Directions for this task: Each line below from the line with "Moderní plastový odpadkový" to the line with "OUI ORGANIC敷敷植" must be copied exactly, including those two, and no picture may appear in the copy.

Exercise inputs:
'''

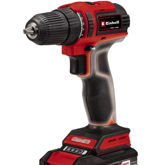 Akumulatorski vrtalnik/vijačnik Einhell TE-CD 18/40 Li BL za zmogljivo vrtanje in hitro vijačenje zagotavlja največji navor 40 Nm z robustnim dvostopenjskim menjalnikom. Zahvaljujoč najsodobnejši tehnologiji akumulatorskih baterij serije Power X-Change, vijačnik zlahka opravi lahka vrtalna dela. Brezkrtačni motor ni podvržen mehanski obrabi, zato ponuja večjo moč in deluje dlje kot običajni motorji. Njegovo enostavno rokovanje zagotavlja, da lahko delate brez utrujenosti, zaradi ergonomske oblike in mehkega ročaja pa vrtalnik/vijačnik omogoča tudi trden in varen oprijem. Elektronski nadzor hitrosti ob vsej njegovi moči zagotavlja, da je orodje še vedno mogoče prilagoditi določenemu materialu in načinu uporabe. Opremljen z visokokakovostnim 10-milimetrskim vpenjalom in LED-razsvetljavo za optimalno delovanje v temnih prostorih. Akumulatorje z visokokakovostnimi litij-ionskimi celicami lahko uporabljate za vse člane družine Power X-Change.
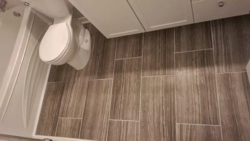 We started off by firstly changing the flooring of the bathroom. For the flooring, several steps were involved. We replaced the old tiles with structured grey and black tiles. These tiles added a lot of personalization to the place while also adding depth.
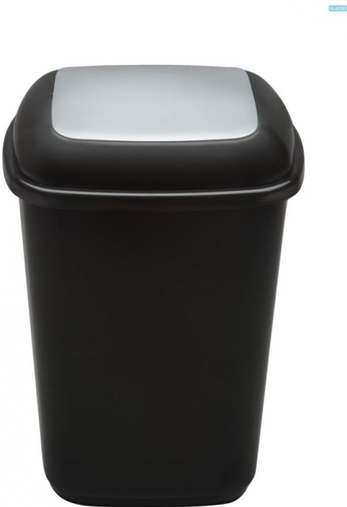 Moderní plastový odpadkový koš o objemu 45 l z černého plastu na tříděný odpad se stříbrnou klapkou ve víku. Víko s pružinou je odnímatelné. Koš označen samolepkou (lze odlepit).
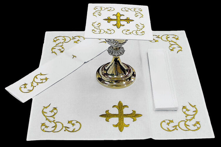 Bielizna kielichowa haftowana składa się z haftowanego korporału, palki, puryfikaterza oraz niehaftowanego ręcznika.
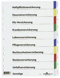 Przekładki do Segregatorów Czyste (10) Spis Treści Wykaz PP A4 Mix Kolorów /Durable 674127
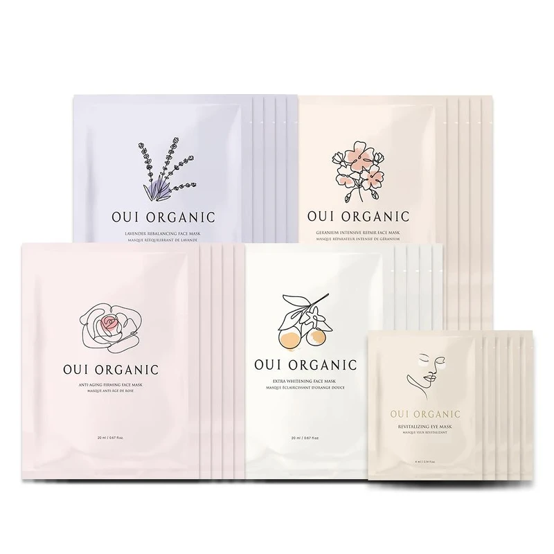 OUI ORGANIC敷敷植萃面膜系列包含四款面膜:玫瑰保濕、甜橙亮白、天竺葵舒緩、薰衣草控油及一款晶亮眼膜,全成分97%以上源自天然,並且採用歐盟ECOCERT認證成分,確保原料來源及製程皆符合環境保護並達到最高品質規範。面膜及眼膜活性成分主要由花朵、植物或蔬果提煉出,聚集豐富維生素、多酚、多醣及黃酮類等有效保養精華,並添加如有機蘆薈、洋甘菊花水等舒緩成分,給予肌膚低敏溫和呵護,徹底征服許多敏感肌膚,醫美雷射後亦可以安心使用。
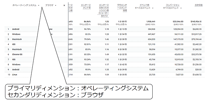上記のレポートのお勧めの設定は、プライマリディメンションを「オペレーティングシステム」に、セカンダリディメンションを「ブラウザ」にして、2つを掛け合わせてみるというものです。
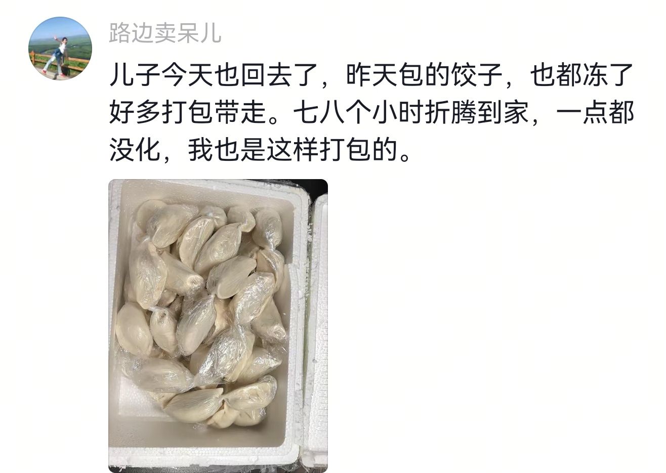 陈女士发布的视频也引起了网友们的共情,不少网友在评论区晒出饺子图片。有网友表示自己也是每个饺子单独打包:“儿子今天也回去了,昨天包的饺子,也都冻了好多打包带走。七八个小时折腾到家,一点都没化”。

'''
'''

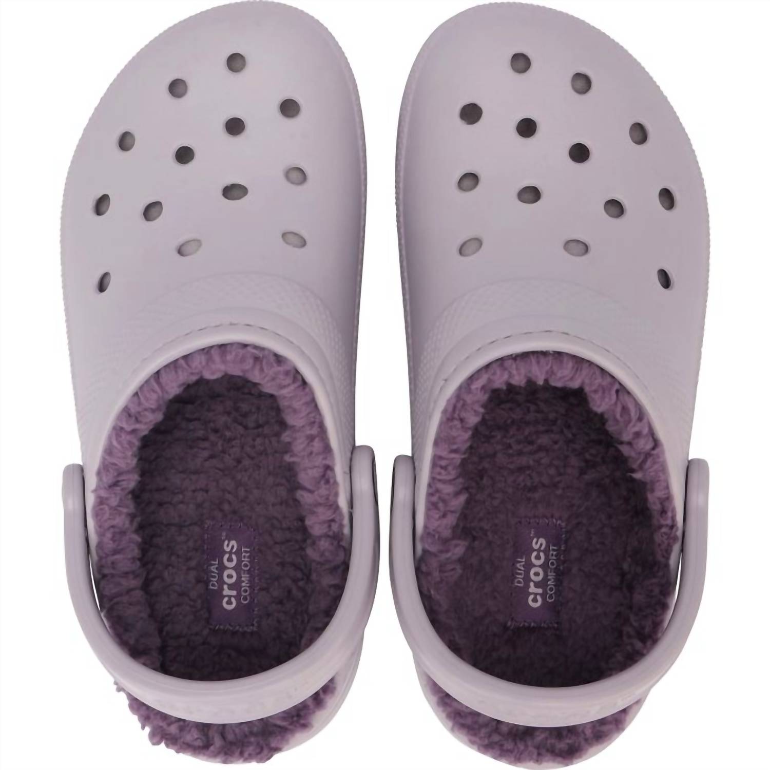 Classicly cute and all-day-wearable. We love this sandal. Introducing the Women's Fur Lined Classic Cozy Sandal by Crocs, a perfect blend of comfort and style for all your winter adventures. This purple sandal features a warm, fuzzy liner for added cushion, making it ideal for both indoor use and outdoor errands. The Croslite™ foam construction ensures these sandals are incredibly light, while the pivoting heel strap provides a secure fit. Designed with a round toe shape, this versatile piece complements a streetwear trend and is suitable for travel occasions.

'''

Solution to the exercise:
 Moderní plastový odpadkový koš o objemu 45 l z černého plastu na tříděný odpad se stříbrnou klapkou ve víku. Víko s pružinou je odnímatelné. Koš označen samolepkou (lze odlepit).
 Bielizna kielichowa haftowana składa się z haftowanego korporału, palki, puryfikaterza oraz niehaftowanego ręcznika.
 Przekładki do Segregatorów Czyste (10) Spis Treści Wykaz PP A4 Mix Kolorów /Durable 674127
 OUI ORGANIC敷敷植萃面膜系列包含四款面膜:玫瑰保濕、甜橙亮白、天竺葵舒緩、薰衣草控油及一款晶亮眼膜,全成分97%以上源自天然,並且採用歐盟ECOCERT認證成分,確保原料來源及製程皆符合環境保護並達到最高品質規範。面膜及眼膜活性成分主要由花朵、植物或蔬果提煉出,聚集豐富維生素、多酚、多醣及黃酮類等有效保養精華,並添加如有機蘆薈、洋甘菊花水等舒緩成分,給予肌膚低敏溫和呵護,徹底征服許多敏感肌膚,醫美雷射後亦可以安心使用。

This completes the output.